@spaceisdarkgreen Think previous issues have been more or less been resolved. But what I still not understand is the reason to encode as intermediate step the formulae as sets. Lets stick on formalist's picture only. So we have 3 levels: 1) metatheory 2) background theory T' 3) object theory T. The formula $\varphi(x)$ is a priori written in language of object theory T, and by assumption $\exists^! x\, \varphi(x)$ is provable in T.

@spaceisdarkgreen ...So far we are in object theory. Now, background theory is formalized theory - as we are formalists -about object theory. So in backgrd theory we are dealing with formulae like eg $T \vdash \exists ! x\varphi(x)$ and $M\models \exists ! x\varphi(x)$ (M model of T), right? (as about(!) T).
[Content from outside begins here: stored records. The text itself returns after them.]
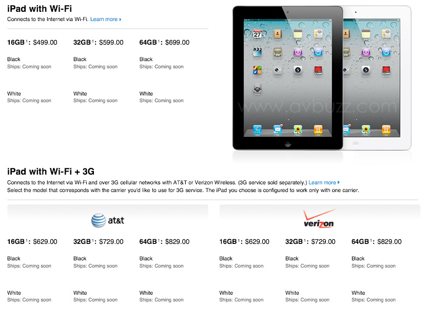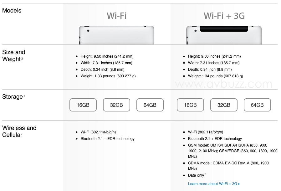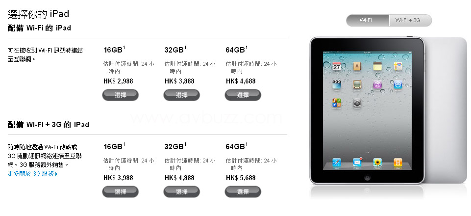 iPad 2 有三個容量給用家選擇購買,分別是下圖表所見。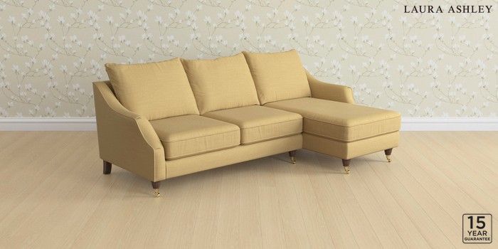 7.3.1 Buy Beverley by Laura Ashley Medium Sofa Chaise - Right Hand Kinsham Ochre Yellow Low Brass Castor - Chestnut from the Seasons online shop Click here to use our website with more accessibility support, for example screen readers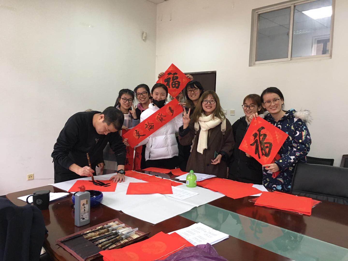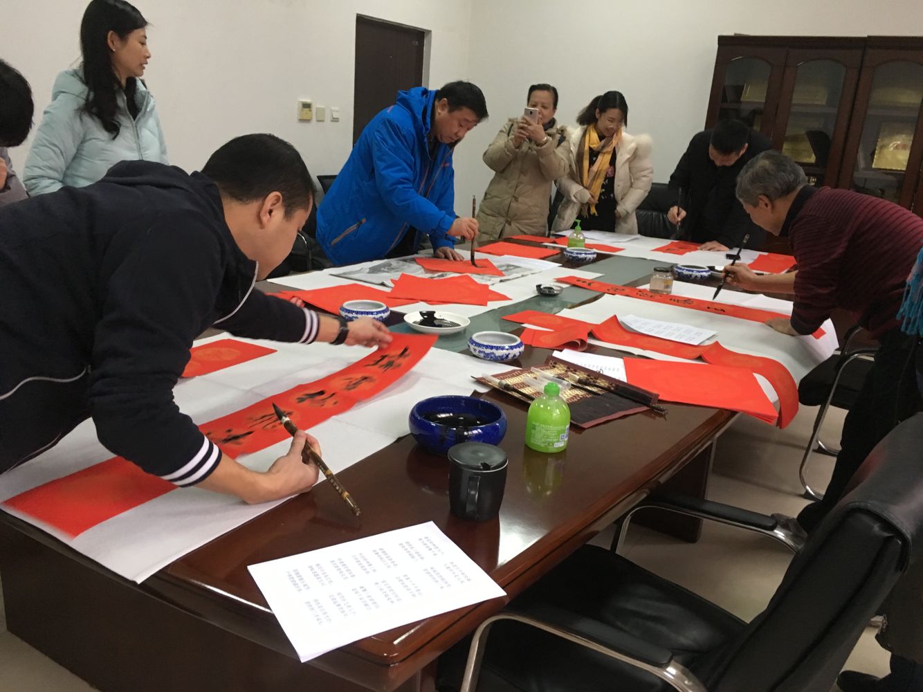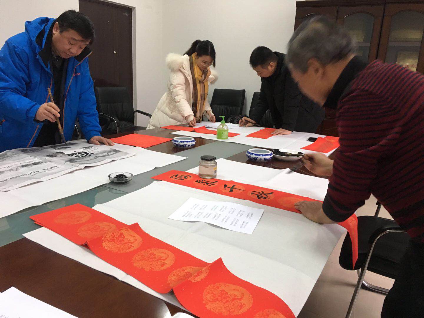 一大早,南校区信远楼二区332就已经热闹起来,大大的会议圆桌上,摆放好了毛毡、和笔墨纸砚等用品,李耀平书记邀请了西安市灞桥区文化馆馆长史兴海老师、公司杜跃平老师和耿老师来为全院师生写春联。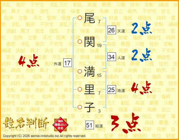尾(7画)関(19画) 満(15画)里(7画)子(3画)

Now my question is why is it neccessary as you suggested to encode the formulae from this background theory in sets as you claimed above?
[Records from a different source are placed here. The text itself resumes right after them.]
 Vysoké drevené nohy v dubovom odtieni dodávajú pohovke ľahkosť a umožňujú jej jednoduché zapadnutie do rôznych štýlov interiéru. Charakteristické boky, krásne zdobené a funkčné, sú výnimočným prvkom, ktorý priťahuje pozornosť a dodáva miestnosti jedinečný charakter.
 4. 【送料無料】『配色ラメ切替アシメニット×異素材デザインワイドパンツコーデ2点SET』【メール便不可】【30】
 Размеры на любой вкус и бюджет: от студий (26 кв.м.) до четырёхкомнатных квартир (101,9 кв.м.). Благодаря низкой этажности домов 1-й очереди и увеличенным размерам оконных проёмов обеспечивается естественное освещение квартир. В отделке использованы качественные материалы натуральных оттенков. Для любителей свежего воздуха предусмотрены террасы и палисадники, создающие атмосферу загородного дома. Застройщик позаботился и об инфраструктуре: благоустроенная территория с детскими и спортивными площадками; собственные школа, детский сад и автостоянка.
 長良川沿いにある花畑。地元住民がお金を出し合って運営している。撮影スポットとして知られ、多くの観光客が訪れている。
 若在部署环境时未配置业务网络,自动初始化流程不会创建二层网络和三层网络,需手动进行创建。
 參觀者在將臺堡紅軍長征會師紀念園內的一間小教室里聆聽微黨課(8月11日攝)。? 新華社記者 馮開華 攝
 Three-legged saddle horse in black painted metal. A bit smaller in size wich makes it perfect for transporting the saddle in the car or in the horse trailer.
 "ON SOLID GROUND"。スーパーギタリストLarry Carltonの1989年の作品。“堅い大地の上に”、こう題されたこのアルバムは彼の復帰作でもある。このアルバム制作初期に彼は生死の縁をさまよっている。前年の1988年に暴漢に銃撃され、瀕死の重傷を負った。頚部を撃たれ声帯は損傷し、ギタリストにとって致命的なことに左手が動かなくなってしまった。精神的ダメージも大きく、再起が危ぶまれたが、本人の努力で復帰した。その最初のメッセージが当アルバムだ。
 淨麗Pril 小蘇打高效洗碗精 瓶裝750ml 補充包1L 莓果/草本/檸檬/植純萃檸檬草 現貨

@spaceisdarkgreen Presumably I not understand what is going on in that part, but it appears strange to me how we proceed there: We take a formula in already formal background theory and encode it as a set. What is the meaning behind this procedure?

@spaceisdarkgreen As, if we as formalists assume that the background theory 2) is already a formal theory, what is the sense to "formalize" the formulae contained there?